Also, your explanation on unnecessary requests is helpful. Having gone to great lengths to build a standards compliant site by hand, rather than using a bloated CMS, it would be a pity to undo that effort with an .htaccess rule that wastes resources - so thanks for explaining that.

Anyway, I've tried the exact code above, changing the example.com > mydomain.com but no dice.

What I get in the address bar if I request a page.html file is page.html/ - (note the extra /)

If I request an extensionless file eg /about I get mydomain.com/myerrorpage.html/- (note the extra /)

Requesting extensionless file with trailing slash /about/ yields correctpage.html/ but without the stylesheet loading (I guess I can fix that elswhere)

Other than the code you have provided here, there's nothing else in the htaccess other than the ErrorDocument rule.

So I'm a little lost now. Only reply if you have time - I guess I'll figure it out eventually on my own. I think you have to really understand rewrites and use them often to get this stuff right :)

jdMorgan

2:54 am on May 13, 2010 (gmt 0)

WebmasterWorld Senior Member 10+ Year Member



Yes, I forgot the negation operator on the first RewriteCond in the code I posted. I corrected it above to prevent others from copying and pasting bad code.

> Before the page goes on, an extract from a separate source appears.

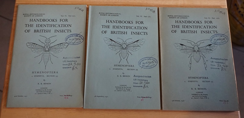 Benson, R.B.: Handbooks for the identification of British insects. Vol. VI, Part 2 (a,b,c). Hymenoptera : Symphyta, section a-c. 3 Bände. London: Royal Entomological Society 1951, 1952, 1958. 22,5 cm, zus. 252 S zahlr. Ill. Geheftet / Kart. Gut erhalten. Ausgeschiedene Bibliotheks-Exemplare mit entsprechenden Kennzeichen auf dem Umschlag. Innen keine Einträge. Handbooks for the identification of British insects.

The missing stylesheet is because of your trailing slash. Your link to the stylesheet is a page-realtive link, I'll wager, so the browser uses "/page/" as the base directory when constructing the full URL that it must used to request the css file, instead of taking "/page.html" or "/page" and stripping that back to the current directory level before adding the css path to that.

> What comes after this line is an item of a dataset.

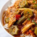 I love topping my gumbo with fresh chopped parsley and a wedge of lemon for a zesty brightness. A sprinkle of green onions adds a nice pop of color and mild onion flavor. And don’t forget some hot sauce on the side for those who like it with an extra kick!

So... there's another reason not to add a trailing slash.

You can fix it by linking to the css file as <link rel="stylesheet" type="text/css" href="/style.css"> with a leading slash on the stylesheet 'path' -- This now has to be the full path to the stylesheet from the documentroot of your server, with my example will resolve to example.com/style.css as shown. Alternatively, you can use a full URL in the <link rel>

Jim

jdMorgan

3:07 am on May 13, 2010 (gmt 0)

WebmasterWorld Senior Member 10+ Year Member



Oh, and should you decide to go both extensionless and slash-less, this would likely do the trick:

AddType application/x-httpd-php htm html php
AddHandler application/x-httpd-php .htm .html
#
RewriteEngine On
#
# Externally redirect to remove trailing slashes if not a
# directory request, to enforce clean extensionless URLs
RewriteCond %{REQUEST_FILENAME} !-d
RewriteRule ^(([^/]+/)*[^/]+)/$ http://www.example.com/$1 [R=301,L]
#
# Externally redirect direct client requests for URLs
# with .html extensions to new extensionless URLs
RewriteCond %{THE_REQUEST} ^[A-Z]\ /([^/]+/)*([^.]+\.)+html([?#][^\ ]*)?\ HTTP/
RewriteRule ^(.+)\.html$ http://www.example.com/$1 [R=301,L]
#
# Externally redirect requests for non-blank
# non-canonical hostnames to canonical hostname
RewriteCond %{HTTP_HOST} !^(www\.mysite\.com)?$
RewriteRule ^(.*)$ http://www.example.com/$1 [R=301,L]
#
# Internally rewrite extensionless URL-paths to .html files
RewriteCond %{REQUEST_FILENAME}.html -f
RewriteRule ^(([^/]+/)*[^./]+)$ /$1.html [L]

Jim

euphemus

5:09 pm on May 13, 2010 (gmt 0)

10+ Year Member



Worked like a charm, Jim. Can't thank you enough.

Cheers.